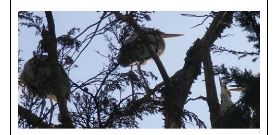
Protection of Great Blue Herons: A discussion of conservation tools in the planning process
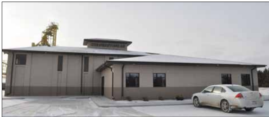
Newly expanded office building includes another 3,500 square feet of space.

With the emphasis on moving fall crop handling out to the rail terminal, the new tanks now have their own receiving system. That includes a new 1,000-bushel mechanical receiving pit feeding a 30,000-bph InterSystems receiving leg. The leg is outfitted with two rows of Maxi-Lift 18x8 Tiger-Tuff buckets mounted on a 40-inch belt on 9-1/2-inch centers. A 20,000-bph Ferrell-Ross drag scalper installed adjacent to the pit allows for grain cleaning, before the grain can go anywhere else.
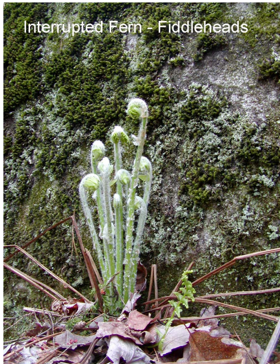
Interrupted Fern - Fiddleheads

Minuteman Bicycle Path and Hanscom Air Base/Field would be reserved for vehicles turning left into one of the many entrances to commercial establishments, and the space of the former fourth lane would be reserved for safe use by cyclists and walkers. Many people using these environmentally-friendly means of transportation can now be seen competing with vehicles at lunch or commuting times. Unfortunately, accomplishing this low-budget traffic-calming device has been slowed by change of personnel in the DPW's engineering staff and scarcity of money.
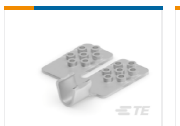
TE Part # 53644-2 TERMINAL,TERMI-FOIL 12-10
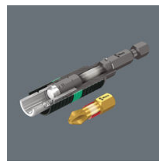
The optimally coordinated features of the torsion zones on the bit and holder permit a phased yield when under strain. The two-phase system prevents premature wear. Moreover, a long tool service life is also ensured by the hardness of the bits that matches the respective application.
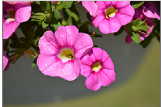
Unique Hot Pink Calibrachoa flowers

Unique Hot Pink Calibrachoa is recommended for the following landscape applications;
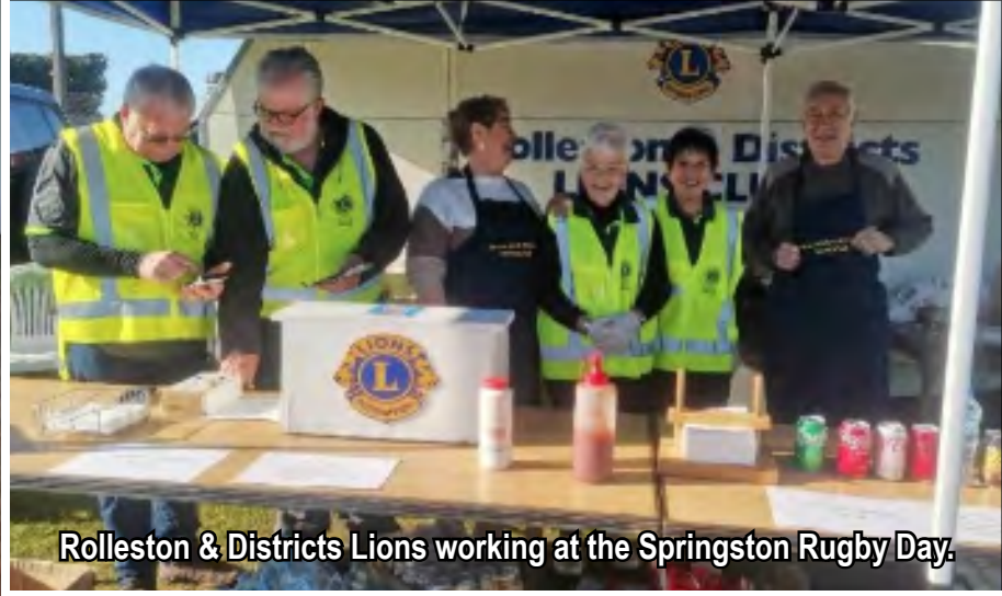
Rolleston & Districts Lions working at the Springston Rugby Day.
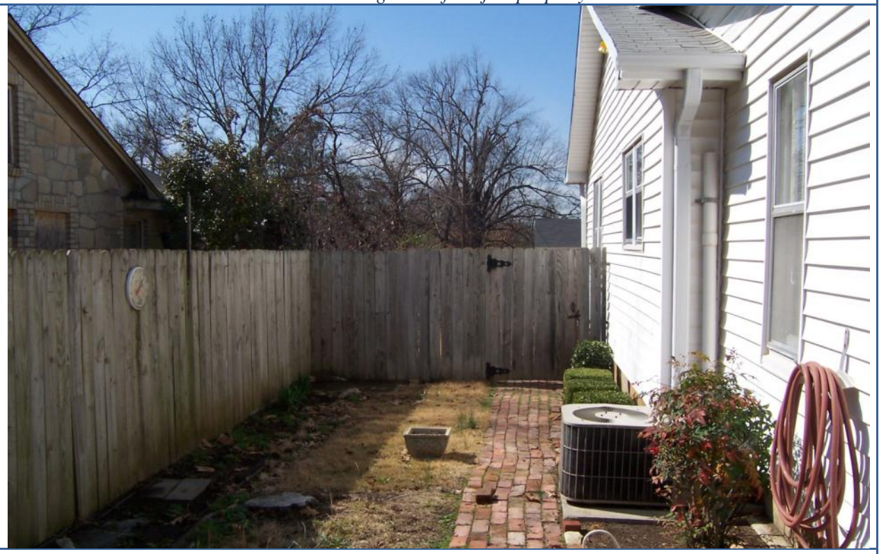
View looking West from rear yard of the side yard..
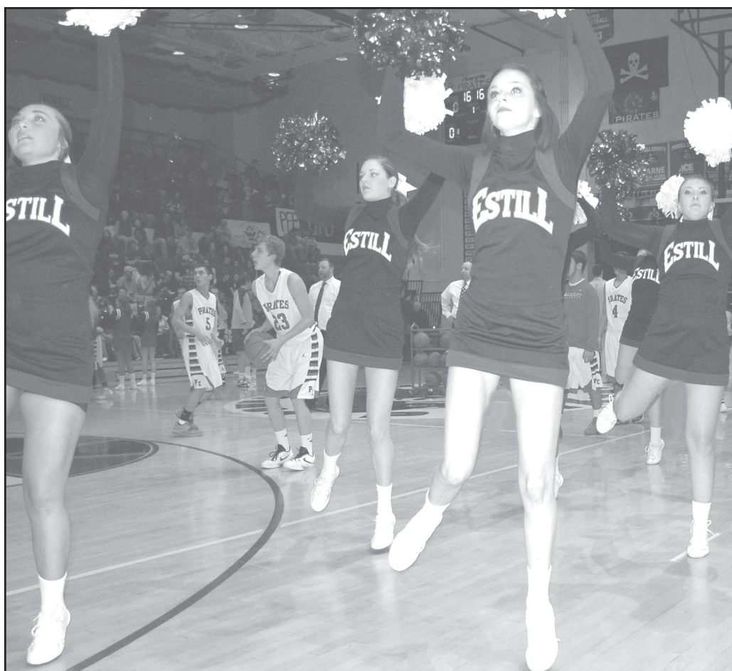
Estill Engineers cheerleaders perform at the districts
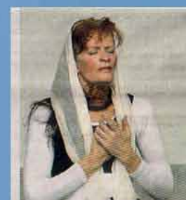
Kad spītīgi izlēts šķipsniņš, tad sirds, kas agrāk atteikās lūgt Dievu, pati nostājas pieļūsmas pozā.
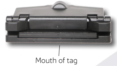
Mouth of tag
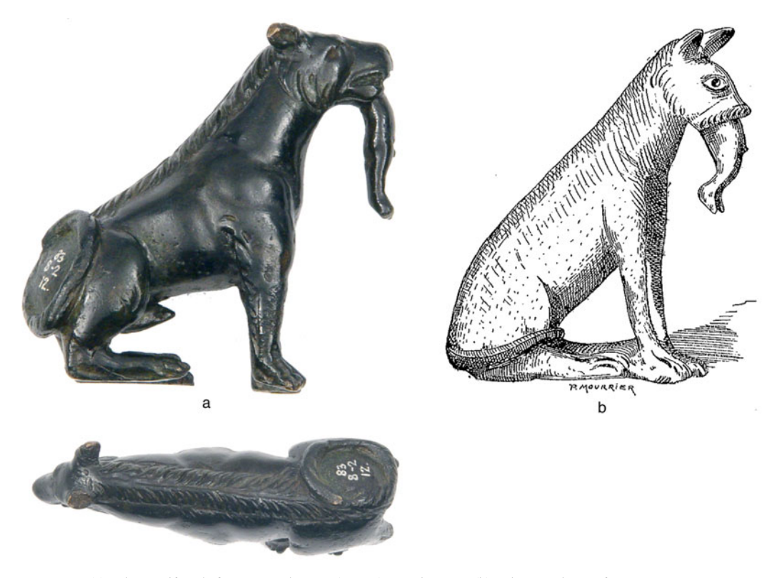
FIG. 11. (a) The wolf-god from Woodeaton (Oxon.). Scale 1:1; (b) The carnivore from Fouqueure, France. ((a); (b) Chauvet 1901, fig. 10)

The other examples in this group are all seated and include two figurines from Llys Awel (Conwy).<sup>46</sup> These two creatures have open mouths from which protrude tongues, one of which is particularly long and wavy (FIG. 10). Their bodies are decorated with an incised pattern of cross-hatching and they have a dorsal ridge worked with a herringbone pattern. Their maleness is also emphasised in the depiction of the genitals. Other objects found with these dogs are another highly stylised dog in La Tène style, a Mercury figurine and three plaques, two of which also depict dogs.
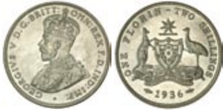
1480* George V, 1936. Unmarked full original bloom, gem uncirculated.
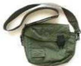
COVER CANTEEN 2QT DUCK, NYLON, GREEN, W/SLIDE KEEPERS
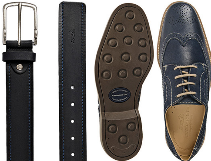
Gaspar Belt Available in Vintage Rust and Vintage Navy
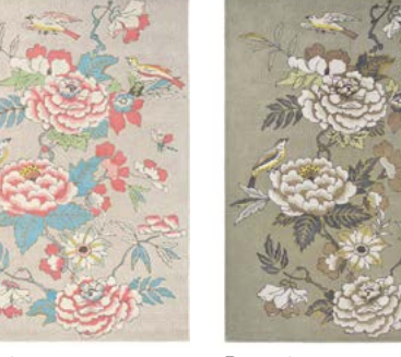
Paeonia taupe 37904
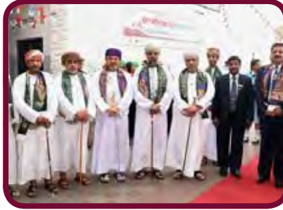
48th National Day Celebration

════════

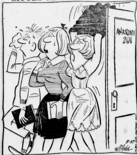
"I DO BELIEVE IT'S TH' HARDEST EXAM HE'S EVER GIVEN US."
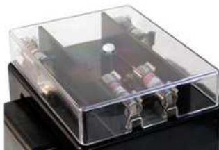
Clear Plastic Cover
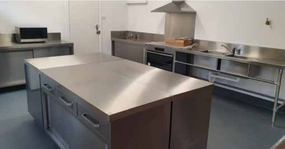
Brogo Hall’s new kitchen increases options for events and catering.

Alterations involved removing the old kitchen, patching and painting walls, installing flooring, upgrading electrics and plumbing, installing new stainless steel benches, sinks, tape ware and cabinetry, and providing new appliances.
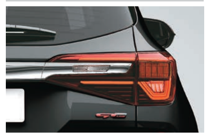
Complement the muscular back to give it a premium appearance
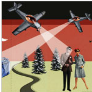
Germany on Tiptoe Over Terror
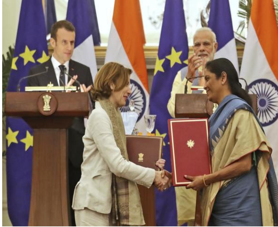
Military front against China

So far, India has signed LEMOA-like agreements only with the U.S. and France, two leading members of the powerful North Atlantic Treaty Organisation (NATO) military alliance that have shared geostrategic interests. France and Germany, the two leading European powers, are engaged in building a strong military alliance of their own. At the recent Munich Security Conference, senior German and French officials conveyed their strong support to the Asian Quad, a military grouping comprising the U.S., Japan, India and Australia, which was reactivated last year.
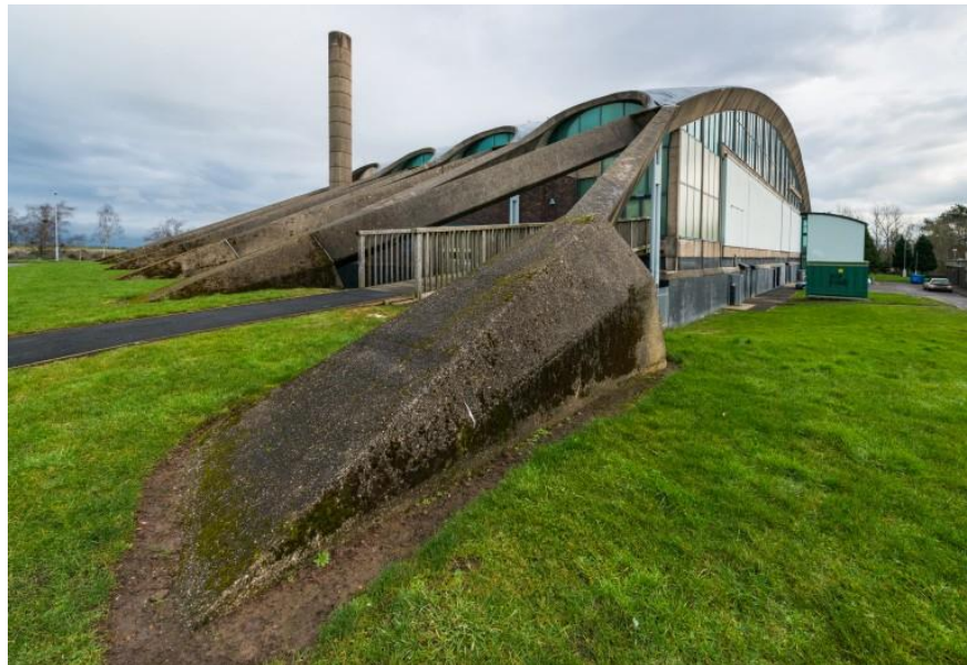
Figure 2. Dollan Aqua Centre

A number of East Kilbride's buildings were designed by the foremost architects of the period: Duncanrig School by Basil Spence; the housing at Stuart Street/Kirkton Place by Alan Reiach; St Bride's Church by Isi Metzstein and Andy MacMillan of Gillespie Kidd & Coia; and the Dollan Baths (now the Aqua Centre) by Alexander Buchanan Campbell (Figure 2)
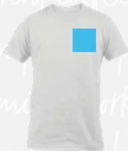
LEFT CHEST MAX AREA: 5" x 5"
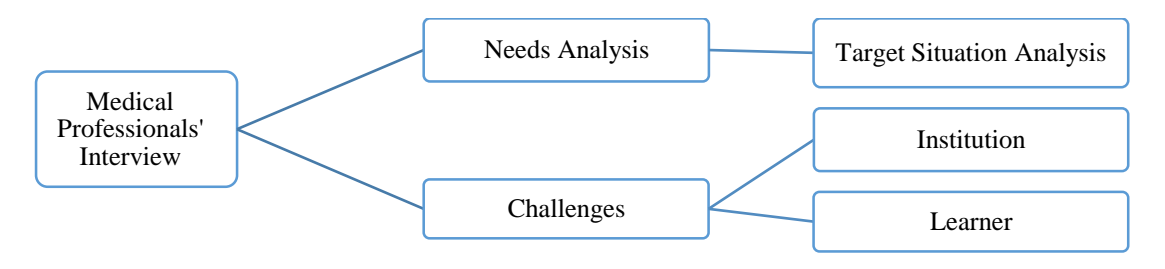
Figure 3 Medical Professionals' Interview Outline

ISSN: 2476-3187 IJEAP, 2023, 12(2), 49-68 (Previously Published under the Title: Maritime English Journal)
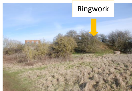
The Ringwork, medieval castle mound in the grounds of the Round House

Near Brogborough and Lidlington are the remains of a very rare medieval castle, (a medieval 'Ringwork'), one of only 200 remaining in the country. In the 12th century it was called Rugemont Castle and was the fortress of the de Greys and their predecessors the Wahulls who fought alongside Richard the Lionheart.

════════

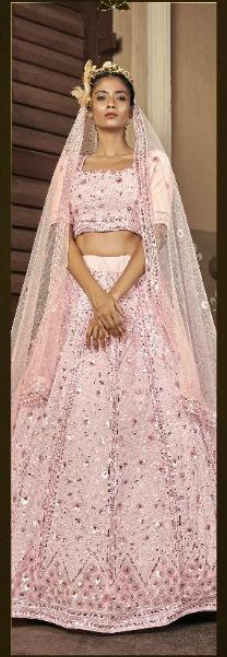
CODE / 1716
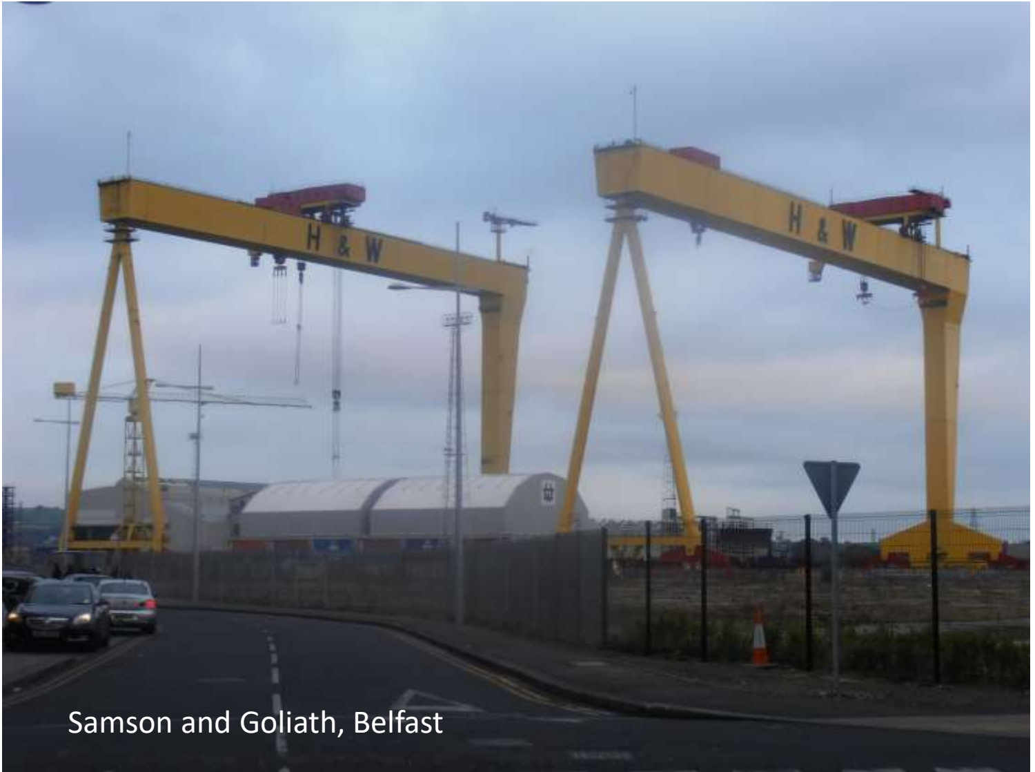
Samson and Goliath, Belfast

════════

Exercise instructions:
Transcribe exactly the lines above, beginning at the one with "DO BELIEVE IT'S" and going up to and including the one with "Military front against China". Pictures do not belong in the copy.

Answer section:
"I DO BELIEVE IT'S TH' HARDEST EXAM HE'S EVER GIVEN US."
Clear Plastic Cover
Brogo Hall’s new kitchen increases options for events and catering.

Alterations involved removing the old kitchen, patching and painting walls, installing flooring, upgrading electrics and plumbing, installing new stainless steel benches, sinks, tape ware and cabinetry, and providing new appliances.
Complement the muscular back to give it a premium appearance
Germany on Tiptoe Over Terror
Military front against China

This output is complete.